2023 Science(IF47.728)： A perovskite solar cell with a conversion efficiency of 23% that retains 90% efficiency after 3,000 hours and 100 cycles of high and low temperature cycling!
Temperature has always been a major factor affecting commercial viability of various types of solar cells, as the optimal conversion efficiency of all types of solar cells typically lies within a specific temperature range. However, the ability to adapt to drastic temperature changes is a key factor in commercial implementation.

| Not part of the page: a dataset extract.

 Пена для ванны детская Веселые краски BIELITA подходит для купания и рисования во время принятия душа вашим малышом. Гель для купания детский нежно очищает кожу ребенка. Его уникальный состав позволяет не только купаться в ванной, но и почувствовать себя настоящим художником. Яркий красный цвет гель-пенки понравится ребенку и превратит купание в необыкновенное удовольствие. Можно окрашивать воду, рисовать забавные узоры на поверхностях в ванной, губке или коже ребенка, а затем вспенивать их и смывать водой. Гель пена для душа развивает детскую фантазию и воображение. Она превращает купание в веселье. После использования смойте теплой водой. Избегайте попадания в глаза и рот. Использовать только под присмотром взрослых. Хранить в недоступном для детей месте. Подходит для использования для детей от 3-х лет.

Temperature has always been a major factor affecting the cost considerations of various types of solar cells. The best conversion efficiency of all types of solar cells is typically within a specific temperature range. However, in commercial practical environments, the ability to adapt to drastic temperature changes is a key factor. Commercial perovskite solar cells not only require high temperatures maintained by sunlight to operate continuously, but also face lattice strain effects caused by temperature changes in the use environment. Especially in harsh outdoor climates, they will quickly become fatigued and decline, causing the power generation effect to be less than the commercial operating costs.

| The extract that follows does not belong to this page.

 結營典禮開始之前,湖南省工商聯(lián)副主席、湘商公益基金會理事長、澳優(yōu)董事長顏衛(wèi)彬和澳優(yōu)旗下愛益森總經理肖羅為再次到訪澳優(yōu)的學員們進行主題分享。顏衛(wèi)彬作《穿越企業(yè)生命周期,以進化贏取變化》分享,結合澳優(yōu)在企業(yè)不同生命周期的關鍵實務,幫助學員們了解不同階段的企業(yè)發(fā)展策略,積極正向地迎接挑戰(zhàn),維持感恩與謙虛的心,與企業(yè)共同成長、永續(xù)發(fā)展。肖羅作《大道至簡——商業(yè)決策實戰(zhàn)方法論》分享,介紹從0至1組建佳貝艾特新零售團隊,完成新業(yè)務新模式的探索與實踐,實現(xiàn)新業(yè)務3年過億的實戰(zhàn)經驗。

In order to address this issue and progress towards high-efficiency, low-cost commercial perovskite solar cells, Professor Antonio Abate’s team at Germany’s HZB, including doctoral student Guixiang Li, is working on the solution. Li says, “We optimized the device structure and process parameters, and based on previous research results, we can finally achieve decisive progress using b-poly(1,1-difluoroethylene) (b-pV2F)…“
The HZB team, led by Professor Antonio Abate, Guixiang Li, and Meng Li from Henan University in China, has developed high-quality perovskite crystal films using a fluorinated polymer. This polymer reduces the energy required for the formation of the black phase in perovskite and reduces defect density, leading to the production of perovskite solar cells (PSCs) with a conversion efficiency of 23%. According to Professor Abate, the polymer acts as a buffer layer, protecting the individual perovskite crystals from thermal and mechanical stress. The team used Enlitech QE-R2, SS-X50 measurement equipment and a solar simulator to conduct experiments. After undergoing harsh conditions for 3,000 hours and over 100 temperature cycles (-60°C to 80°C), the perovskite solar cells produced using this method still maintain over 96% efficiency. This breakthrough will greatly advance the practicality of perovskite solar cells in commercial applications and further optimization may lead to a life span of up to 20 years, similar to silicon solar cells.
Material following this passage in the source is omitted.